Although interviews have been conducted with A-list actors such as Tom Cruise, Gwyneth Paltrow, John Travolta and Gerard Butler and TV stars like Kim Kardashian, Selena Gomez and Paris Hilton, the program primarily focuses on musical artists who are in the UAE to perform a concert. That's Entertainment has featured exclusive interviews with bands including Metallica, Jennifer Lopez, The Jacksons, Guns N' Roses, Daughtry, Incubus, The Script and Il Divo. Rappers and R n B Stars have consisted of Usher, 50 Cent, Neyo, Nicki Minaj and Jason Derulo. Other solo artists interviewed are Enrique Iglesias, Craig David and Tiesto.

That's Entertainment also places emphasis on Bollywood news, which has a large presence and following in the UAE. Exclusive interviews with mega stars such as Shahrukh Khan, Anil Kapoor, Priyanka Chopra, Akshay Kumar, Kajol, Deepika Padukone, Sanjay Dutt and John Abraham have been featured on the show as well as behind the scenes features of hit Bollywood films, such as Khiladi 786. Eesha Gupta has also made a special appearance in studio.

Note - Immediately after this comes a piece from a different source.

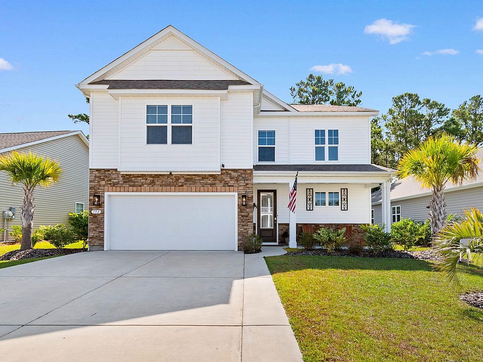Move-in ready and furnished! Welcome to this beautifully designed two-story Belfort model home, nestled in the serene community of Hidden Brooke—known for its expansive green spaces, peaceful lakes, and inviting atmosphere. With its spacious layout and upscale finishes, this home offers comfort, convenience, and elegance throughout. Step on to the charming front porch where you'll enjoy tranquil lake and sunset views; perfect for greeting guests or relaxing at the end of the day. Inside, the main level is thoughtfully designed for everyday living and entertaining. As you enter the home, step into the welcoming foyer with a walk-in and under the stair closet, and stylish half bath. Your beautifully designed primary suite is a true retreat, featuring a sitting area, large walk-in closet with custom built-in, and a spa-like ensuite bath complete with a double vanity, glass-enclosed walk-in shower, and generous linen closet. The open-concept kitchen, dining, and living area seamlessly flows out to the screened-in porch with privacy blinds, and an extended patio complete with a large gas grill and built-in gas hookup—ideal for outdoor gatherings. The kitchen is a dream with a large work island, five burner gas stove, stainless steel appliances, beautiful quartz counters, tiled back splashes, plenty of cabinetry and large pantry. Conveniently located just off the kitchen is a drop zone leading to the garage and laundry room with more cabinetry. Upstairs, the home continues to impress with three additional spacious bedrooms, a full bath, and a large loft area that’s perfect for a second living space, office, or playroom and lots more storage! It’s all the little things that make this home special, updated lighting, ceiling fans, window treatments and blinds, fenced private back yard, irrigation system, whole house water filtration system with reverse osmosis at the kitchen sink, on-trend and soothing paint colors, stylish and comfortable furniture and all those storage spaces! Hidden Brooke offers beautiful amenity center with luxury pool, pool house with cabana, work-out room, fire pit and dock for fishing! The Hidden Brooke community is conveniently located to shopping, medical care, dining and just 4.9 miles to the beautiful beaches of North Myrtle Beach. It is conveniently located, within minutes of the commuter route – Highway 31. Why wait to build when you can move in now to this lovely home that already has everything! Very low rate assumable VA mortgage to qualified applicants.
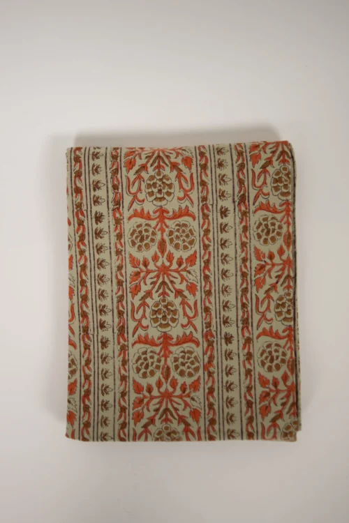 Nappe florale en 100% coton, réalisée par impression au bloc, à la main

That's Entertainment is currently working increasing their coverage of artists based in the UAE in an effort to promote local talent. They've already featured local acts including Bull Funk Zoo, Nikotin and Jay Wud.

==Team==

===Marwan DJ Bliss, presenter===

Marwan Parham Al Awadhi (commonly known as DJ Bliss) is an Emirati disc jockey, emcee, TV presenter and radio personality working in Dubai. In addition to being actively involved in the nightclub and DJ scene in Dubai, he is known for his music production including co-producing Wyclef Jean and releasing his own single and compilation album The Projects. The album was released on BMGI Middle East and was top 10 on Middle East album chart of Virgin. He is also credited as one of the first Iranian DJ to go on world tour. He currently hosts the television show That's Entertainment on Dubai Oneas well as the radio show The Real Flava on Channel 4 in Dubai.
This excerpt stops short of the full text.